▶ _Your task_
For this exercise, write out the whole listing below exactly, omitting its images.

▶ _Data_
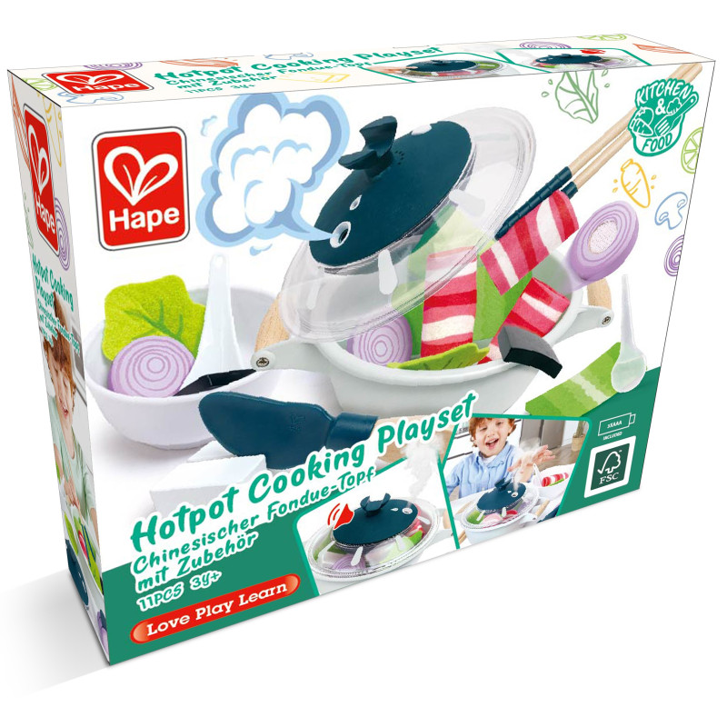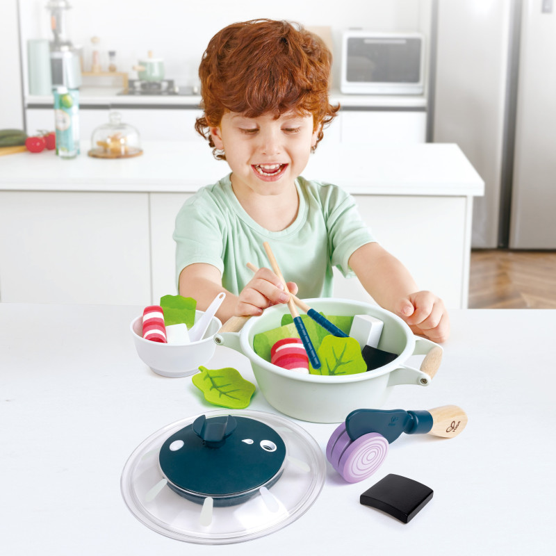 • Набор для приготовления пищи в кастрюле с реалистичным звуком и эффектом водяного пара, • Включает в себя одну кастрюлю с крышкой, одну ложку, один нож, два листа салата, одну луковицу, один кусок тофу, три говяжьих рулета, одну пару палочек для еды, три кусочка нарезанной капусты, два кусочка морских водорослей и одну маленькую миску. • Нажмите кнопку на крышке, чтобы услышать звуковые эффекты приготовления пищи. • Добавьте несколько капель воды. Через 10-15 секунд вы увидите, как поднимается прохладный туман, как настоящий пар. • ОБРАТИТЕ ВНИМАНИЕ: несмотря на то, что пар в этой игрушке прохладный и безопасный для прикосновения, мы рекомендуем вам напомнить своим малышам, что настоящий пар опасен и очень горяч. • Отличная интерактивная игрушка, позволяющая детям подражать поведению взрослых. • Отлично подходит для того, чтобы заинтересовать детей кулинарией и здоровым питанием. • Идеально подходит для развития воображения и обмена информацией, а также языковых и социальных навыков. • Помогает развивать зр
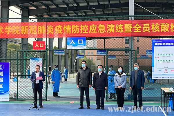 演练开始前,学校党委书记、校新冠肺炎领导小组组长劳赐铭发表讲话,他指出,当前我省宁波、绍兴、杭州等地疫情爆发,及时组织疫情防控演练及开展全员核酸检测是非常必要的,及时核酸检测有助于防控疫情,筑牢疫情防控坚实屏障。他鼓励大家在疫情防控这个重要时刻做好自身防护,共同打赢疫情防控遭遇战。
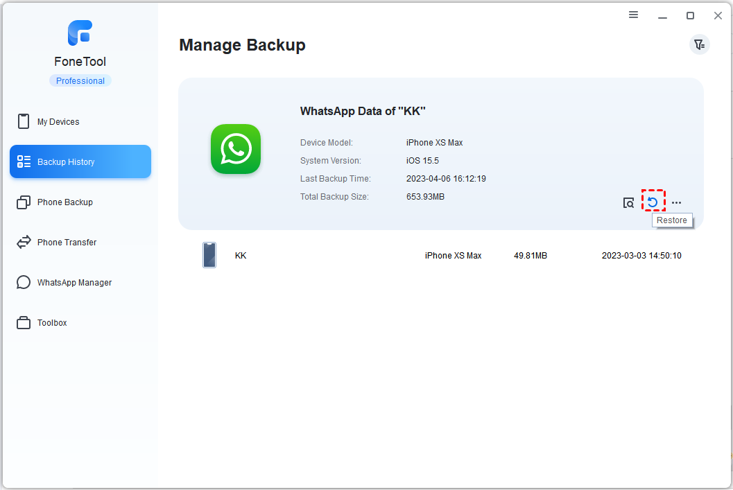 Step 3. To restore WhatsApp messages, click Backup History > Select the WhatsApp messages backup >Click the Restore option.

▶ _Expected output_
 • Набор для приготовления пищи в кастрюле с реалистичным звуком и эффектом водяного пара, • Включает в себя одну кастрюлю с крышкой, одну ложку, один нож, два листа салата, одну луковицу, один кусок тофу, три говяжьих рулета, одну пару палочек для еды, три кусочка нарезанной капусты, два кусочка морских водорослей и одну маленькую миску. • Нажмите кнопку на крышке, чтобы услышать звуковые эффекты приготовления пищи. • Добавьте несколько капель воды. Через 10-15 секунд вы увидите, как поднимается прохладный туман, как настоящий пар. • ОБРАТИТЕ ВНИМАНИЕ: несмотря на то, что пар в этой игрушке прохладный и безопасный для прикосновения, мы рекомендуем вам напомнить своим малышам, что настоящий пар опасен и очень горяч. • Отличная интерактивная игрушка, позволяющая детям подражать поведению взрослых. • Отлично подходит для того, чтобы заинтересовать детей кулинарией и здоровым питанием. • Идеально подходит для развития воображения и обмена информацией, а также языковых и социальных навыков. • Помогает развивать зр
 演练开始前,学校党委书记、校新冠肺炎领导小组组长劳赐铭发表讲话,他指出,当前我省宁波、绍兴、杭州等地疫情爆发,及时组织疫情防控演练及开展全员核酸检测是非常必要的,及时核酸检测有助于防控疫情,筑牢疫情防控坚实屏障。他鼓励大家在疫情防控这个重要时刻做好自身防护,共同打赢疫情防控遭遇战。
 Step 3. To restore WhatsApp messages, click Backup History > Select the WhatsApp messages backup >Click the Restore option.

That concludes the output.